Prédiffusion

C'est pas parce que c'est pas encore arrivé qu'il ne faut pas en parler

mai 11th, 2010

14 mai 2018- Sheila Malex

(La date de diffusion n’est seulement qu’une suggestion)

C’est après-demain que sera inauguré VillePrix, la première ville boutique du Quebec. Situé à mi chemin entre Montréal et Sherbrooke elle est la première du genre au pays. Alors qu’il en existe déjà plusieurs chez nos voisins du sud, le concept tardait à s’implanter ici en raison de la législation provinciale en matière de municipalité privée.

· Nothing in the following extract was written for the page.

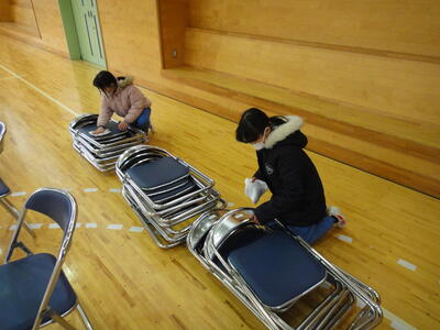 いよいよ3月23日(水)が卒業式になります。今日は1・2年生が卒業式で使うパイプ椅子を出したり、4・5年生が会場作りをしてくれたりしました。お世話になった6年生のために、みんなどんどん働いてくれました。

Pour ceux qui l’ignorent encore une ville boutique est une petite municipalité entièrement privée remplie uniquement de magasins et des restaurants. Alors que les plus grands centres d’achats peuvent accueillir plus de 200 magasins, les villes boutique sont d’un autre ordre, on parle ici de plus de mille magasins avec au moins une centaine de restaurants, le tout à ciel ouvert comme dans une rue commerciale normale mais regroupés par quartiers thématiques. La grande différence ici est qu’une ville boutique n’a pas d’habitant et est construite obligatoirement en pleine campagne entre plusieurs grands centres urbains pour maximiser le nombre de clients potentiels. Ces sites ne comptent que des magasins de marques, et des hyper détaillants. Tout y est contrôlé, et des tapis roulants accélèrent les déplacements.

L’idée derrière ce concept explique Mr Thamill directeur du site est d’offrir un choix comparable au Web. Avec le temps les gens on délaissés les commerces physiques situés près de leurs maisons pour s’orienter ver les marchés de niches déservies par des site Web offrant toujours plus de choix. Les rues commerciales ont alors commencées à se vider et le nombre de boutiques à se faire de plus en plus petit. La spirale était enclenchée : le choix diminuait de mois en mois. Même les « Power Center » (Penser au Marché Centrale), ces grands centres d’achat comprenant une vingtaine de très grandes surfaces et des magasins de marques,  ont commencé à écoper du nombre d’achat fait sur internet. En fait certain se convertissent tranquillement en entrepôts fermés au public. Selon lui, VillePrix est le salut des commerces de détails.

Ancien propriétaire d’un magasin de linge sur la célèbre rue Sainte-Catherine à Montréal, Mr Thamill a vue le processus au quotidien et n’a donc pas hésité deux secondes lorsqu’il a vue le poste de directeur de site pour VillePrix. « C’est l’avenir maintenant, les gens veulent le plus de choix possible et VillePrix offre ça » L’ancien propriétaire crois que la clé du concept est justement l’isolement de la ville. Les gens vont y passer la journée croit il et y acheter tout ce dont ils ont besoin d’un seul coup. « Et les tapis roulants, c’est vraiment bon » d’après lui c’est ce moyen de transport qui fera qu’on adopte la place.

Pour Alphonse Dubois, président de l’osbl Achat Local, cette ouverture est simplement un drame de plus dans la disparition du commerce urbain. Les centre-ville on commencés à décliner il y a très longtemps selon ce spécialiste. Il y a plus de 70 ans, la télé a rendu touts les théâtres et cinémas presque inutile. C’était selon lui le début d’un lent déclin accéléré par l’arrivée des sites marchand sur internet. Les gens ont tout de suite vue l’avantage économique : plus de choix, des prix plus compétitifs, livraison à domicile. C’est quand les rues commerciales ont commencé à se vider que les gens ont compris. Mais il était déjà trop tard croit Mr Dubois. Il cite à titre d’exemple les club vidéo, on endroit ou se souvient-t’il les gens allaient chercher des films pour la soirée et venaient les rapporter le lendemain. Ces boutique ont complètement disparue dans les années 20 et les locaux vides n’ont jamais été remplacé. Mr Dubois se rappel d’une rue Saint-Denis ou il était possible de magasiner le jour et faire la fête le soir. Maintenant cette rue ressemble à la Strip de Vegas, y a rien a y faire le jour, tout ce passe une fois le soleil couché.

Inutile de vous parler de la réaction des écologistes. Ils nous la montrerons surement le jour de l’ouverture alors qu’on attend entre 100 000 et 200 000 consomateurs frénétiques.